Another Myth Goes Down the Drain
Earlier this century there was a push, orchestrated by medical associations and insurance companies, to impose what they called “tort reform”. These so-called reforms, including “caps” or the amount that can be recovered for “non-economic” injury only impacted medical malpractice claims, and they were intended to limit the amount a person injured by medical negligence could recover. Fortunately, the courts in many states have rejected those attempts as violating their respective state constitutions. Georgia’s caps were eliminated in 2010 in Atlanta Oculoplastic Surgery, P.C. v. Nestlehutt. A recent case in Florida, in finding that state’s caps unconstitutional, also debunked the nonsense the insurance companies used to convince legislators to enact the caps in the first place.

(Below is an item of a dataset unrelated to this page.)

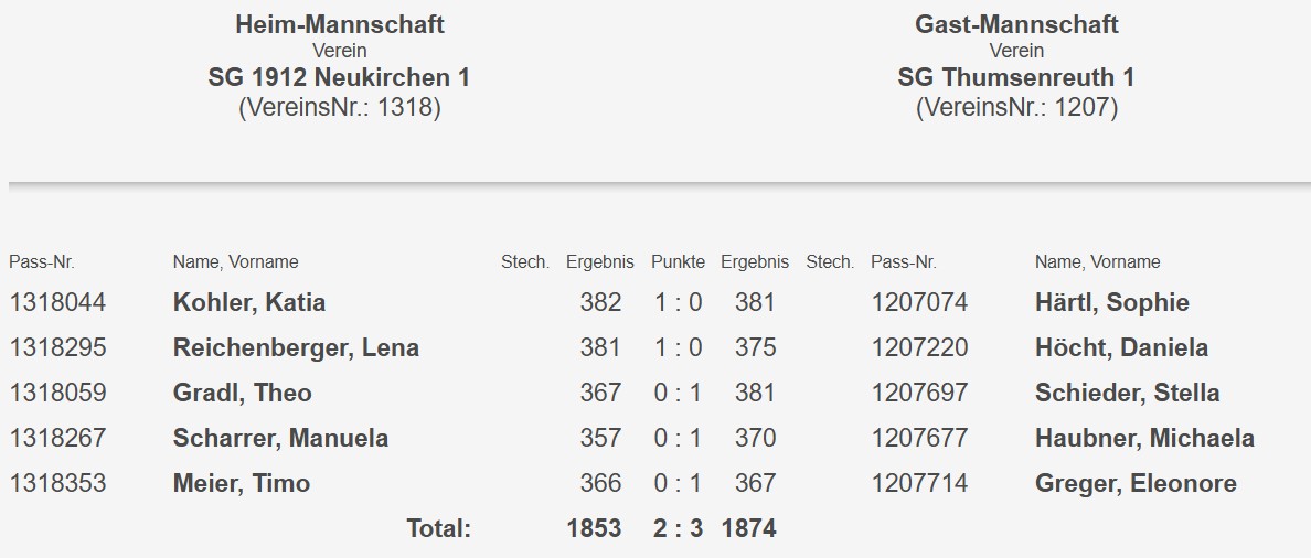 Am Sonntagnachmittag startete auch unsere Luftgewehrmannschaft in die neue Landesliga-Saison. Im ersten Wettkampf traf das Team auf Thumsenreuth. Trotz starker Einzelergebnisse unserer Schützinnen und Schützen reichte es am Ende leider nicht zum Sieg – die Begegnung endete 2:3.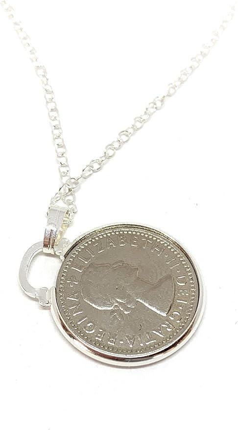 1956 Sixpence Coin Pendant 69th Birthday Gift: Sterling Silver Chain

A brief discussion of the types of “damages” that an injured plaintiff is allowed to collect from someone whose negligence caused the injury. These damages are available in all types of injury cases: car wrecks, premises liability, dog bites, etc. First, an injured person can recover “economic” injury, which typically involve medical expenses incurred and lost income. If someone can’t work for some period of time, the amount of income lost is part of his damages. Since the founding of our country, an injured person can also recover for her “pain and suffering”, which is classified as “non-economic” injury.
While medical expenses and lost income are relatively easy to add up, there is no formula to measure an injured person’s pain and suffering. It is an amount that a jury thinks is appropriate under the circumstances. Someone who is paralyzed is clearly going to recover more for pain and suffering than someone with a broken leg. Our system asks that our juries come up with a fair number under the particular circumstances of the case.
The caps on damages are intended to limit the amount that can be recovered for the injured person’s pain and suffering. In Georgia it was $350,000; in Florida it was $500,000. In some other states it is as low as $250,000. What should be remembered is that these caps only affect individuals injured by medical negligence. Someone with the exact same injuries but caused by any other negligence is not limited.
The decision by the Supreme Court of Florida in Estate of McCall v. United States, makes clear that the reasons given to justify the caps are bogus. First, the Supreme Court addressed the argument that there were runaway juries that were giving ridiculously high amounts to injured persons. To address that issue the Court looked at the actual numbers of jury awards and concluded there was no proof that there were runaway juries. The Supreme Court looked at payments of $1 million or more for medical malpractice cases. Most of the insurance payments made (92.5%) were made by settlement, not by jury verdict. Indeed, over 10% of those million dollar plus payments were made without a lawsuit having been filed. In short, there were no “runaway” juries, but even if there were, the few large verdicts had no overall impact on the medical malpractice insurance system.
Next, the Court determined there is no proof that medical malpractice insurance premiums would be higher if there were no caps. One would think that if that argument were correct, insurance premiums would have decreased since the caps were put into place. The fact that insurance premiums have not gone down is certainly proof that caps have no impact on rates, one way or the other, even though the profits made by insurance companies on medical malpractice insurance went up after the caps were put into place.
Finally, the Court rejected the idea that doctors fled the state because of malpractice issues. It simply didn’t happen, and was just another example of fear mongering perpetrated by the insurance industry. Hopefully more decisions like this one will be coming.